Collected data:
*** Block opens ***

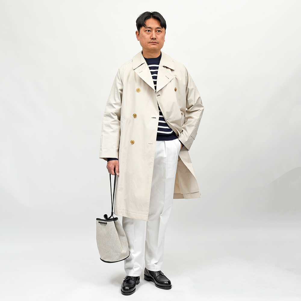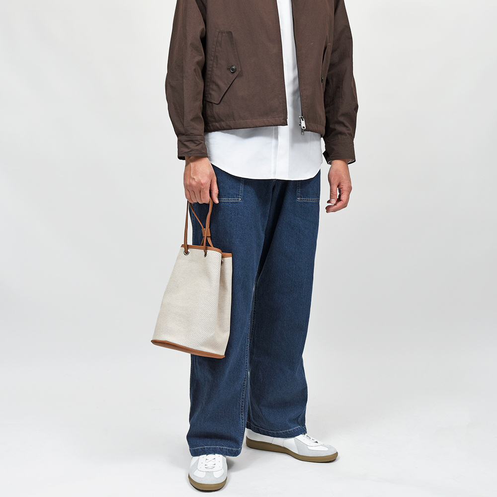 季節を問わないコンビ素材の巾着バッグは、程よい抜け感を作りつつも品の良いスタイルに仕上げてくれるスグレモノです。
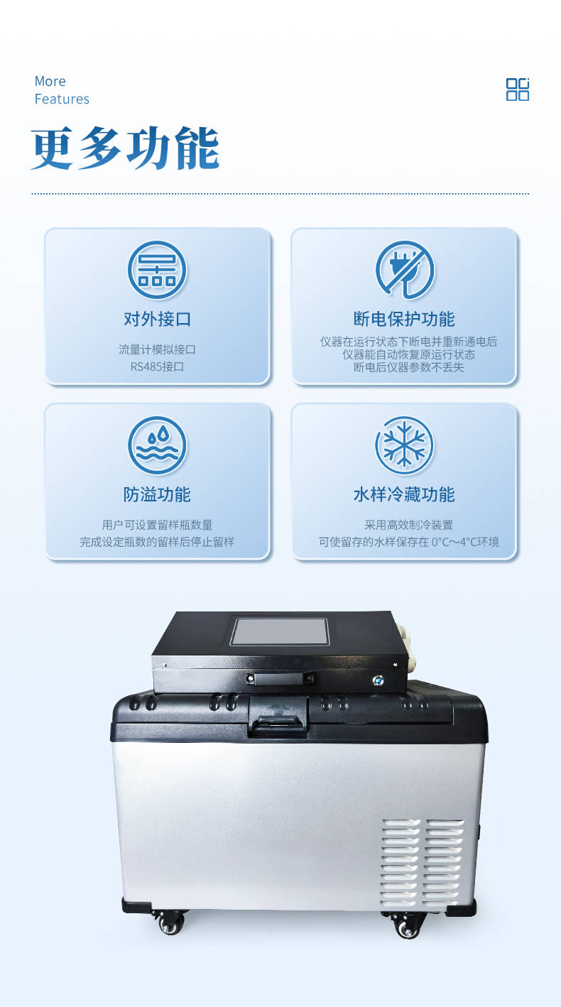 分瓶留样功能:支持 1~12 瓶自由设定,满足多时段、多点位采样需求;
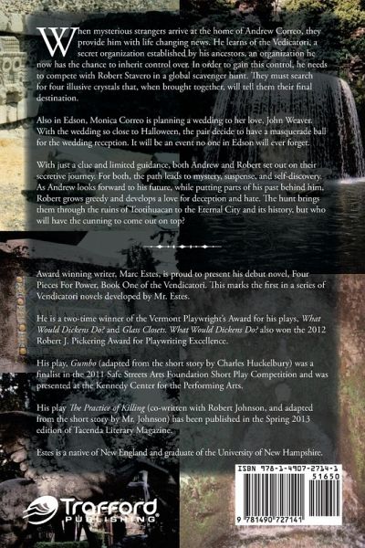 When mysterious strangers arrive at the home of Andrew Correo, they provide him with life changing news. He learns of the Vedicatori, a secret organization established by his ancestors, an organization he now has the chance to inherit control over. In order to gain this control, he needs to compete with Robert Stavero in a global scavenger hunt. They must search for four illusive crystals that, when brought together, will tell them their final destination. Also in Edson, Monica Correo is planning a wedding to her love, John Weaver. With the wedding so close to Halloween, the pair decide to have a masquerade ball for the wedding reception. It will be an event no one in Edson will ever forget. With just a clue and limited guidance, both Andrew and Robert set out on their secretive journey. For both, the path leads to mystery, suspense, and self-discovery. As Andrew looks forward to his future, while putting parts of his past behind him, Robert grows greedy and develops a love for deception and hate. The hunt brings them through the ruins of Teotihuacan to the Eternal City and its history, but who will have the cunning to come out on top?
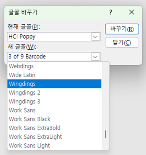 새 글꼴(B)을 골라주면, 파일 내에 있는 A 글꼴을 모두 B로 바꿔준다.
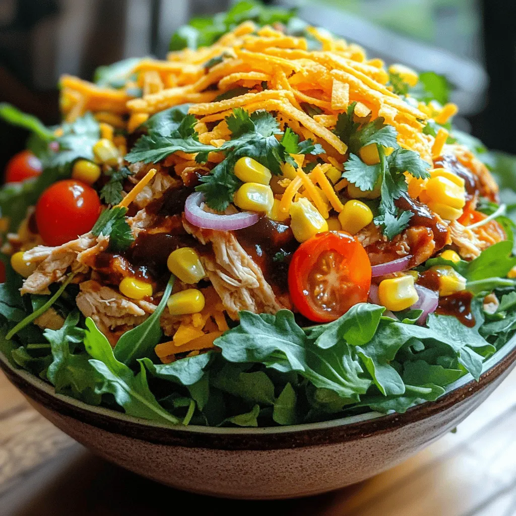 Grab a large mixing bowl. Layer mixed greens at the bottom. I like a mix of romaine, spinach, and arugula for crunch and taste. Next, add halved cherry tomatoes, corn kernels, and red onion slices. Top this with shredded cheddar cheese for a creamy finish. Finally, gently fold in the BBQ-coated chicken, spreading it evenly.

*** Block closes ***

Exercise =
All entries are to be duplicated exactly, with the pictures left out.

Solution for this task =
 季節を問わないコンビ素材の巾着バッグは、程よい抜け感を作りつつも品の良いスタイルに仕上げてくれるスグレモノです。
 分瓶留样功能:支持 1~12 瓶自由设定,满足多时段、多点位采样需求;
 When mysterious strangers arrive at the home of Andrew Correo, they provide him with life changing news. He learns of the Vedicatori, a secret organization established by his ancestors, an organization he now has the chance to inherit control over. In order to gain this control, he needs to compete with Robert Stavero in a global scavenger hunt. They must search for four illusive crystals that, when brought together, will tell them their final destination. Also in Edson, Monica Correo is planning a wedding to her love, John Weaver. With the wedding so close to Halloween, the pair decide to have a masquerade ball for the wedding reception. It will be an event no one in Edson will ever forget. With just a clue and limited guidance, both Andrew and Robert set out on their secretive journey. For both, the path leads to mystery, suspense, and self-discovery. As Andrew looks forward to his future, while putting parts of his past behind him, Robert grows greedy and develops a love for deception and hate. The hunt brings them through the ruins of Teotihuacan to the Eternal City and its history, but who will have the cunning to come out on top?
 새 글꼴(B)을 골라주면, 파일 내에 있는 A 글꼴을 모두 B로 바꿔준다.
 Grab a large mixing bowl. Layer mixed greens at the bottom. I like a mix of romaine, spinach, and arugula for crunch and taste. Next, add halved cherry tomatoes, corn kernels, and red onion slices. Top this with shredded cheddar cheese for a creamy finish. Finally, gently fold in the BBQ-coated chicken, spreading it evenly.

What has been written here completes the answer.